The Perks of Being a
Wallflower
is one of those retroactive teen movies, seeking to impose the values of a
fortysomething writer-director on characters who aren’t old enough to know any
better. The kids in Stephen Chbosky’s unpersuasive adaptation of his own young
adult bestseller give one another mixtapes and typewriters, rather than MP3s
and STDs; when one of its youthful leads is heard to yelp “oh my God, they’re
playing good music” at a homecoming dance, the track they end up jiving to is
“Come On Eileen”. Chbosky wouldn’t be the first director who, when faced with going
through adolescence all over again, retreated into reassuring fantasy, but it’s
almost as though he hasn’t seen the inside of a shopping mall for the best part
of 25 years.
The
wallflower in question is friendless nice guy Charlie (Logan Lerman, just the
right side of bland), trying to find his place at high school with the aid of
slacking, mocking, openly gay senior Patrick (We Need to Talk About Kevin’s Ezra Miller, pushing rather too hard)

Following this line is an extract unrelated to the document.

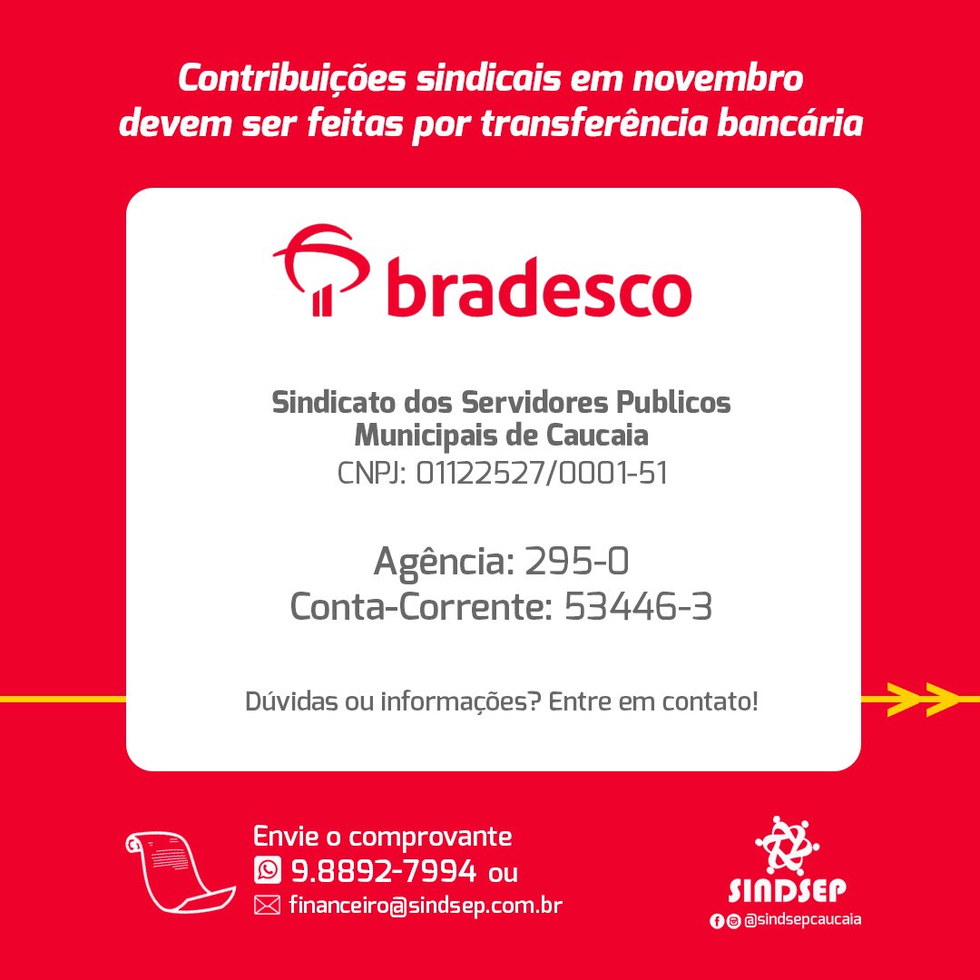 Contribuições sindicais em novembro devem ser feitas por transferência bancária

and punky sweetheart Sam (Emma Watson, with creditable US accent). Chbosky’s
overall project, however, is to reframe the past through adult eyes; so
concerned is he with asserting sound hipster taste on his characters that all
logic gets scrambled. Sam insists “everything sounds better on vinyl”, yet she
doesn’t recognise that it’s Bowie who’s singing “Heroes”, let alone the track
itself. Bizarrely, the film pursues the point further: not one of these
notionally culture-savvy teens can track a copy of “Heroes” down, referring to
it in the awed tones of some obscure rarity. (God knows what they’d do if they
ever heard “The Laughing Gnome”.)
Perks has nice things in
dispatches – Paul Rudd as the kind of English teacher we’d all want to have
had, Watson in a Santa hat granting Lerman his first kiss – yet that soundtrack
keeps drowning out whatever issues the script wants a go at, and its sincere
baloney extends beyond rock ‘n’ roll to sex (“I’m tired of touching her
breasts,” moans Charlie of one swiftly dumped girlfriend, becoming the first
teenage boy in history to utter these words) and drugs (according to Chbosky,
acid casualties end up shovelling snow in geometrically perfect circles). Even
the much-derided Glee, which has cast
thirtysomethings as quarterbacks and cheerleaders, has shown more of a clue as
to how teenagers really sound, and what they might do.
In
the meantime, the hits keep on coming: XTC’s “Dear God”, New Order’s “Bizarre Love Triangle”, the Cocteau Twins’ “Pearly Dewdrops’ Drops”, Young MC’s “Bust a Move”, L7’s “Pretend We’re Dead” – great songs all, yet songs that have as much
business being here as Cannibal Corpse’s “Hammer Smashed Head” would have on
the soundtrack of The Best Exotic Marigold Hotel. Perks will go
down a treat among teenagers who would consider themselves sophisticated – but
you can bet they’ll be back to belching Mountain Dew and showing each other
their rude bits on Chatroulette soon enough.
The Perks of Being a Wallflower opens nationwide today.